Rep. Dina Titus, D-Nev., has introduced a bill to regulate and ban bump stocks, just days before a grim anniversary in which one of the devices was used to kill 60 people and wound hundreds more at a country music festival in Las Vegas.

Rep. Dina Titus, D-Nev., has introduced a bill to regulate and ban bump stocks, just days before a grim anniversary in which one of the devices was used to kill 60 people and wound hundreds more at a country music festival in Las Vegas.

The bill, which stands virtually no chance of passing an evenly divided U.S. Senate, would require bump stocks to be registered with the Bureau of Alcohol, Tobacco, Firearms and Explosives the way fully automatic weapons are now. Existing bump stocks would not have to be destroyed, but new ones would generally be illegal to manufacture or sell to civilians.

Bump stocks are devices that allow semi-automatic rifles to be fired repeatedly at a higher rate, approximating the functions of a fully automatic weapon.

After the Oct. 1, 2017 mass shooting at the Route 91 Harvest festival in Las Vegas, the bureau tried to ban bump stocks by regulation, requiring existing bump stocks to be destroyed. That rule went into effect in March 2019.

But in March, the 6th U.S. Circuit Court of Appeals found that the government regulation was likely unconstitutional and put it on hold after the group Gun Owners of America sued, charging violations of the 5th and 14th Amendments and the Administrative Procedure Act.

Titus’ bill is meant to address that legal void.
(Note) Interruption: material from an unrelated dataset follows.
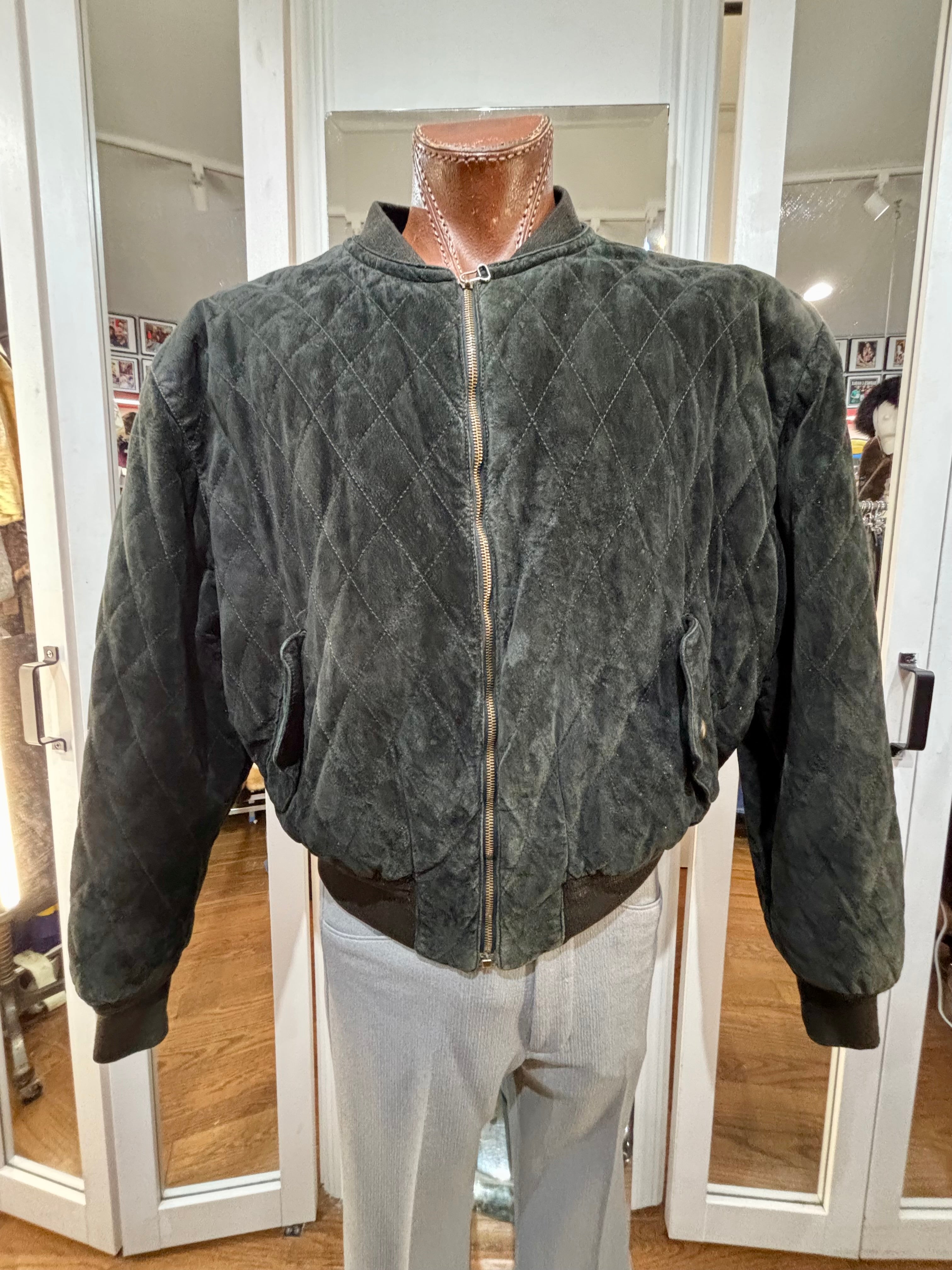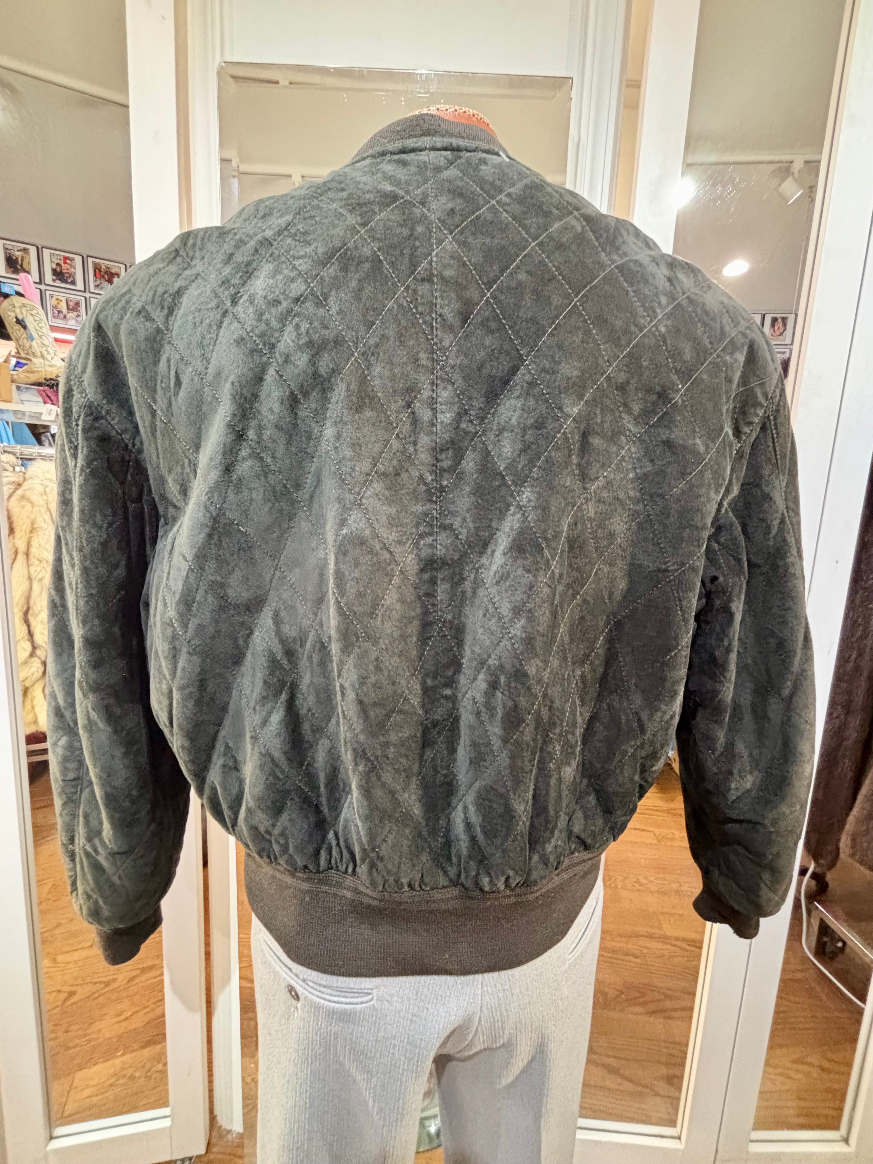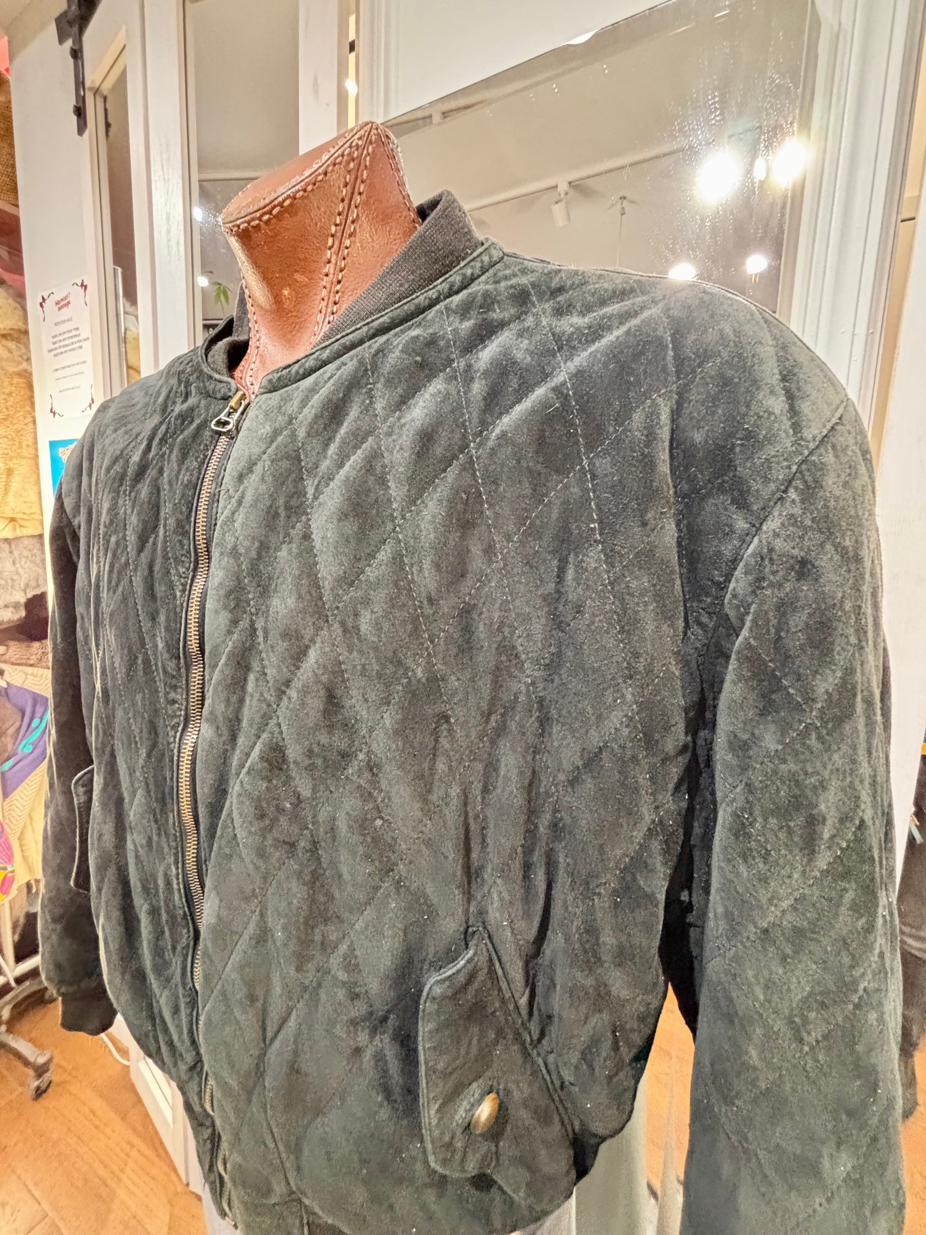 90’s Faded Black Quilted Bomber Suede Zip Jacket

“It’s time to make our country safer for all of us and for future generations by answering the nation’s call for action on gun violence prevention,” Titus said in a statement. “Machine guns have been illegal in the U.S. for decades. Yet bump stocks have allowed gun manufacturers to circumnavigate the law to produce fully automatic weapons like the ones used on 1 October.”

A similar bill was introduced in 2017, co-sponsored by Titus and then-Nevada congressional delegation members Jacky Rosen and Ruben Kihuen, but that measure did not pass.